Data below:
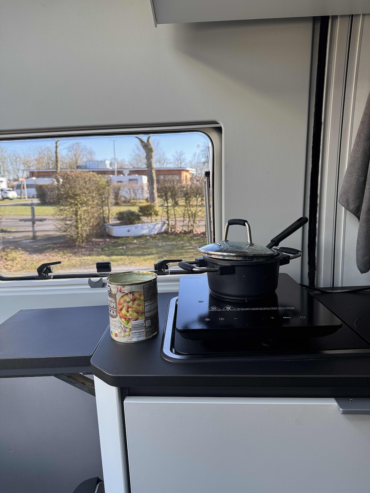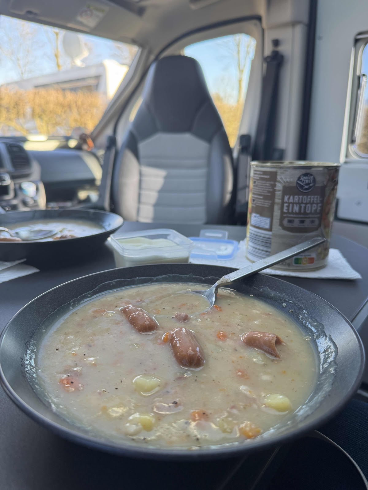 Die Induktionsplatte macht die Dosensuppe in unter 5 Minuten heiß... ist zwar kein wirklicher Genuss. Aber wir wollen ja sparen. Deshalb geht es jetzt den Vorräten an den Kragen.
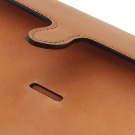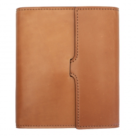ベルトの先端が内側に隠れるシンプルな見た目が特徴の「カクシシリーズ」。左側に風琴マチポケット付きのM5サイズシステム手帳です。表側にはアニリン水性染料仕上げを施すレーデルオガワ製のコードバンを使用。内側にはイタリア・ヴィルジリオ社製のスクラッチ加工が特徴の植物タンニン鞣し革・マルゴーを使用しています。染料染めの色味の深さと独特な光沢があり少しづつ色艶を増す経年変色が楽しめます。リングはクラウゼ社製。
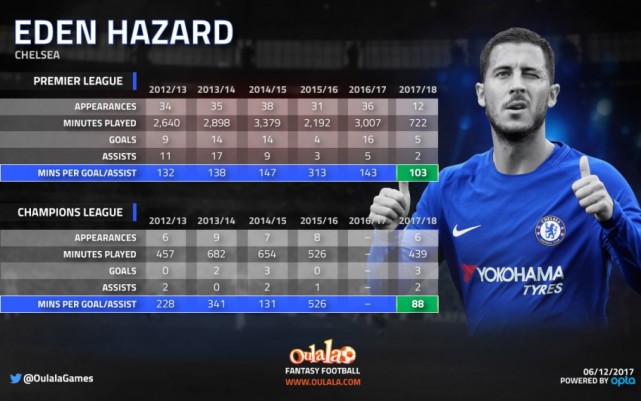 分钟可以制造一个进球;到了本赛季,比利时人在欧冠的表现达到巅峰,出场了6次,

Brief:
All of the material above should be written out exactly as given, minus any images.

Output for this exercise:
 Die Induktionsplatte macht die Dosensuppe in unter 5 Minuten heiß... ist zwar kein wirklicher Genuss. Aber wir wollen ja sparen. Deshalb geht es jetzt den Vorräten an den Kragen.
ベルトの先端が内側に隠れるシンプルな見た目が特徴の「カクシシリーズ」。左側に風琴マチポケット付きのM5サイズシステム手帳です。表側にはアニリン水性染料仕上げを施すレーデルオガワ製のコードバンを使用。内側にはイタリア・ヴィルジリオ社製のスクラッチ加工が特徴の植物タンニン鞣し革・マルゴーを使用しています。染料染めの色味の深さと独特な光沢があり少しづつ色艶を増す経年変色が楽しめます。リングはクラウゼ社製。
 分钟可以制造一个进球;到了本赛季,比利时人在欧冠的表现达到巅峰,出场了6次,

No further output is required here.